RegExp Bigrams Accuracy?

Devin Poole shared this question 7 months ago
Answered

Maybe I'm not understanding how to use this feature properly. When I analyzed https://www.trajectorywebdesign.com/blog/2016-07-13-what-should-i-look-for-when-hiring-a-web-designer/, it's showing me a count of 2 for 'web design'.

I expected the RegExp to count every instance of 'web design' in the visible on-page text, which is significantly more. Am I wrong?

Comments (4)

photo
1

Hey Devin,

Thanks for your message.

Could you tell me please whether you used a regular expression stated in our post for finding bigrams in your case (it's \w+\s+\w+)? The thing is regular expressions work linearly and count two words in a row, not every two pairs of words. So it won't be suitable here. Sorry for our mistake, we've corrected the data in the post.

If you need to find exactly web design expression, you can use the following expression → web\s+design

If you use web\s+design\w regexp, then you'll get all expression containing web design phrase, such as web design, web designer, web designer, etc.

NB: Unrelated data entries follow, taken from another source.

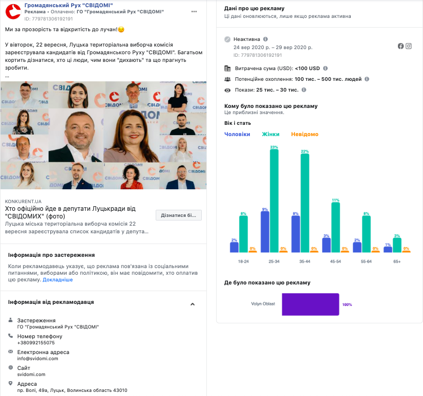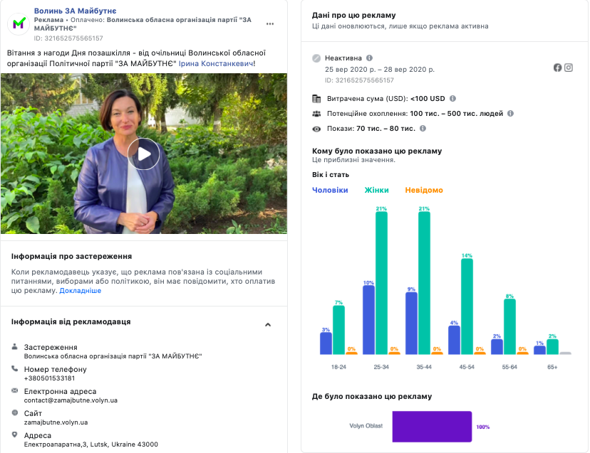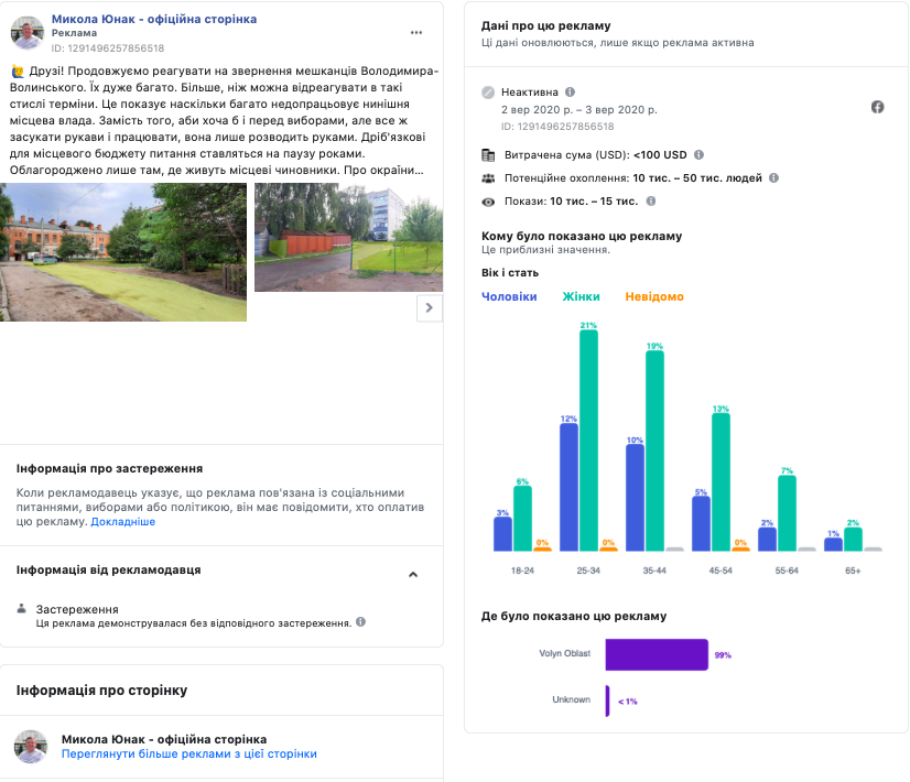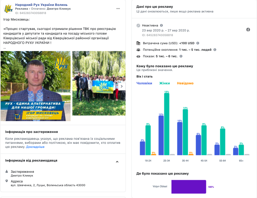 Зі сторінки «Народний Рух України Волинь» у мережі Facebook вмикалося на рекламу протягом вересня 4 повідомлення. Одне з них стосувалось кандидата на посаду Ківерцівського міського голови Ігоря Мисковця, ще два – були присвячені кандидатам у депутати Луцької міської ради Дмитра Климука і Наталії Грушки. Всі повідомлення транслювалися із застереженням і оплатив їх «Дмитро Климук».
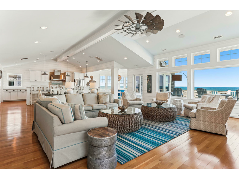 Other notable features include an elevator, high-speed internet access, Apple TV in common areas, high capacity gas grill, as well as daily beach chair (6) and umbrella (2) set-up from Memorial Day to Labor Day, with the option to request additional products and services through OBX Beach Cabanas. Premium Linens are provided with beds made for all arriving guests. Guests of this home also receive reduced greens fees at the Kilmarlic Golf Club, and for a discounted fee, use of the Pine Island Racquet Club and Fitness Center.
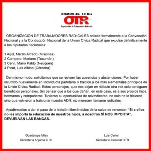 Página de inicioActualidadLOS TRABAJADORES DE EXTRACCIÓN RADICAL, SE EXPRESAN Actualidad Culturales Información General Política SOCIEDAD LOS TRABAJADORES DE EXTRACCIÓN RADICAL, SE EXPRESAN Llega a nuestra mesa de trabajo, un comunicados de los ttrabajadores Radicales agrupados. Navegación de entradas Entrada anteriorLA MULTISECTORIAL LOBOS Y EL COLEGIO FASTA, INVITAN A UN EVENTO SOBRE EL INSTITUTO ANTÁRTICO Entrada siguienteCONCEJO DELIBERANTE, CITARÍAN A RUSTOM También podría gustarte Actualidad PARTE DE PRENSA DE POLICIA COMUNAL LOBOS El Cuarto Poder 5 junio, 2023 Política ENTREVISTA A PAULO CIRIONE SOBRE LAS DIFERENCIAS EN LA EJECUCIÓN DE PARADAS SEGURAS. El Cuarto Poder 17 mayo, 2023 Actualidad «SI HAY UNIDAD, ESTAREMOS DONDE SEA NECESARIO», DIJO SILVANA NICOLINI El Cuarto Poder 27 junio, 2025 Actualidad JUNTO A LOS VETOS DEL GARRAHAN Y UNIVERSIDADES, MILEI SE INCENDIA PARA OCTUBRE El Cuarto Poder 11 septiembre, 2025
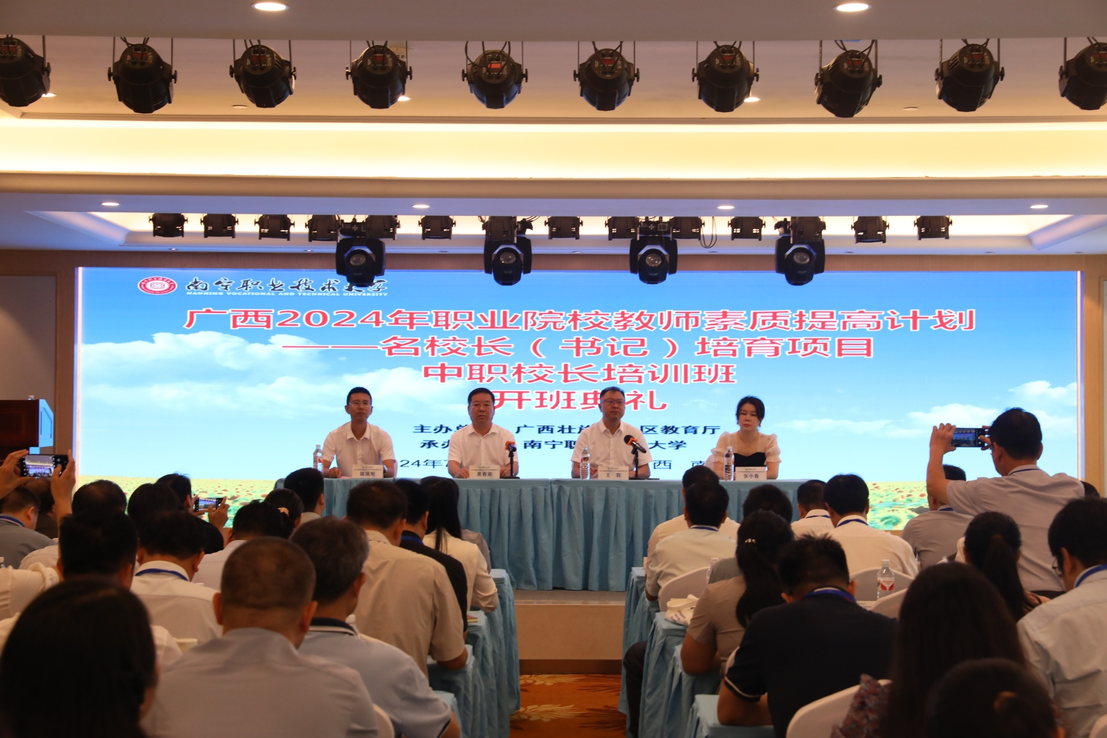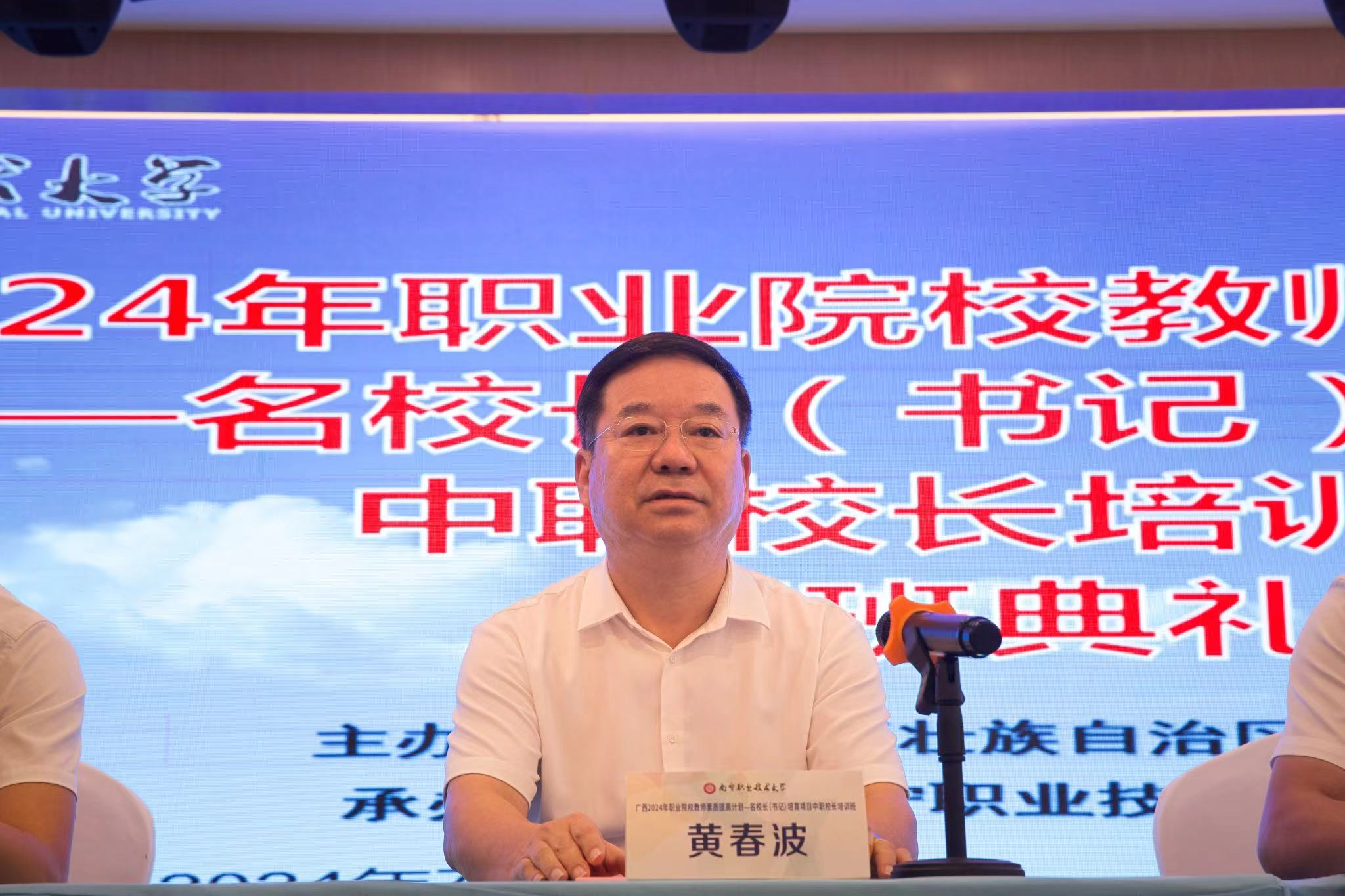 7月21日上午,由自治区教育厅主办,必赢官网承办的广西2024年职业院校教师素质提高计划——名校长(书记)培育项目中职校长培训班顺利开班。学校副校长黄春波出席开班典礼。

Feel free to contact us in case you have any other questions. And again our apologies for this mistake.

photo
1

Hi Amber,

Thanks for the thorough explanation. I need to dig deeper into RegEx.

Regards

photo
1

But that would be a killer feature though. Especially since Google Search Console removed Content Keywords.

photo
1

Hey Devin,

Hope you had a great Christmas!

I've just pitched our discussion about finding bigrams to the team and we do think it's a really useful feature. We'll think how it's possible to implement this stuff to Netpeak Spider for analyzing the whole website or at least for an analysis of one page. The algorithm here is more complicated than RegExp, but we'll do our best to realize it.

Also, we'd like to thank you for taking part in improving our tools; if you have any other suggestions, we'd be glad to hear from you.

Happy New Year to you and your beloved ones!